* Exercise description *
Only the lines from the first line of the entries through the line with "розроблені виключно для" belong in the answer, each restated word for word and without pictures.

=== Material for this exercise ===

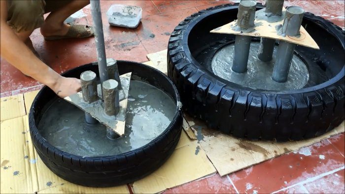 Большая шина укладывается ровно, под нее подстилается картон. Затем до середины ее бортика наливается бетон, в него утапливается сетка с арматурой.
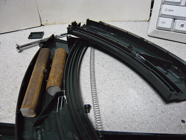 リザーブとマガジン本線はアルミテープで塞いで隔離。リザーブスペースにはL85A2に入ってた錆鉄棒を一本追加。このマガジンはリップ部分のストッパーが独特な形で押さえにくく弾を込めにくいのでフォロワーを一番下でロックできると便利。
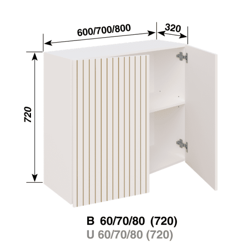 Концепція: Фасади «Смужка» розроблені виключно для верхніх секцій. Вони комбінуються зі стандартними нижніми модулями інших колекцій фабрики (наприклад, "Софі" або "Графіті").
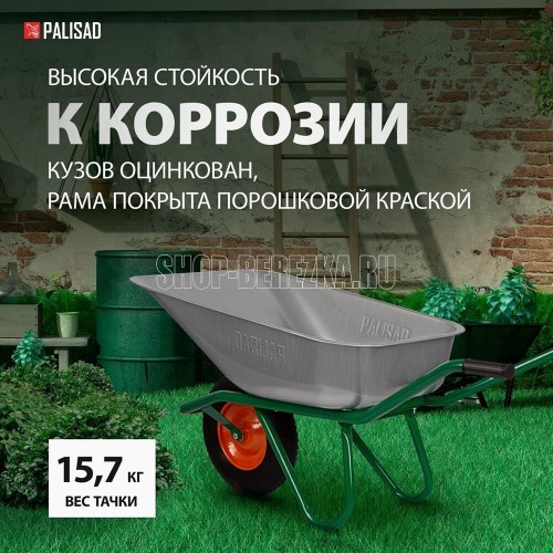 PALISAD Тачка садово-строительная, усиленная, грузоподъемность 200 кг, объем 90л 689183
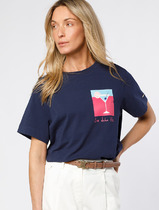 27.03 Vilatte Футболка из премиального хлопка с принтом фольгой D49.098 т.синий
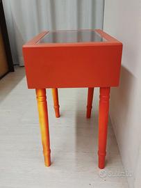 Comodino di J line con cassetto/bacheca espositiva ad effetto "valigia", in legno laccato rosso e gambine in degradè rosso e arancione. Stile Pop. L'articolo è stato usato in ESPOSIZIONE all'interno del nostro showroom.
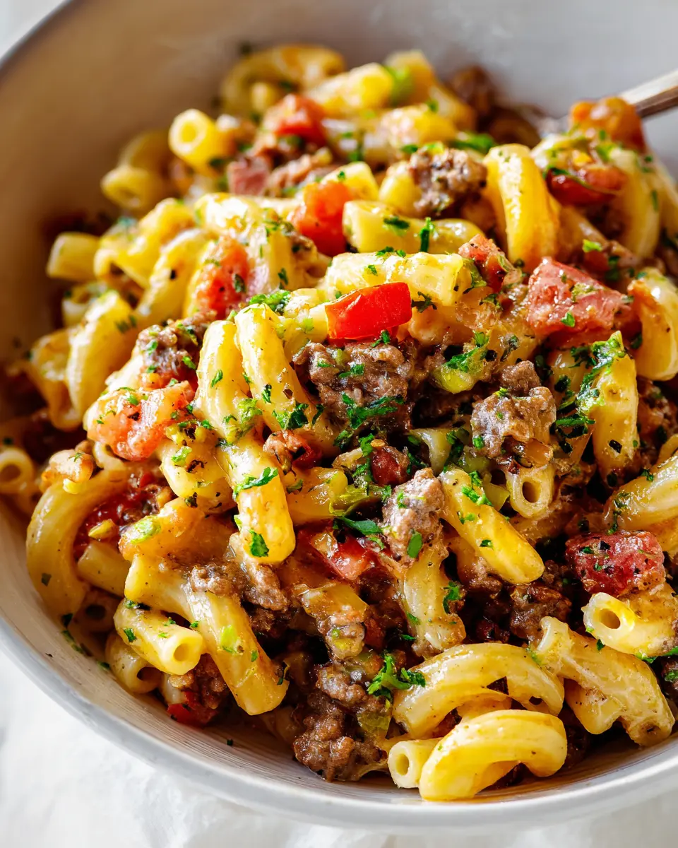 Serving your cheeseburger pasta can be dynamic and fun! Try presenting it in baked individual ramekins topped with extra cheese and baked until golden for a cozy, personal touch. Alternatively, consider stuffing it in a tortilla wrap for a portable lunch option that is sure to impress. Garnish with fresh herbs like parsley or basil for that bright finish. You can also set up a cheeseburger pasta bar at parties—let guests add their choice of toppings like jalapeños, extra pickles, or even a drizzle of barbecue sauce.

===

* Task output *
 Большая шина укладывается ровно, под нее подстилается картон. Затем до середины ее бортика наливается бетон, в него утапливается сетка с арматурой.
 リザーブとマガジン本線はアルミテープで塞いで隔離。リザーブスペースにはL85A2に入ってた錆鉄棒を一本追加。このマガジンはリップ部分のストッパーが独特な形で押さえにくく弾を込めにくいのでフォロワーを一番下でロックできると便利。
 Концепція: Фасади «Смужка» розроблені виключно для верхніх секцій. Вони комбінуються зі стандартними нижніми модулями інших колекцій фабрики (наприклад, "Софі" або "Графіті").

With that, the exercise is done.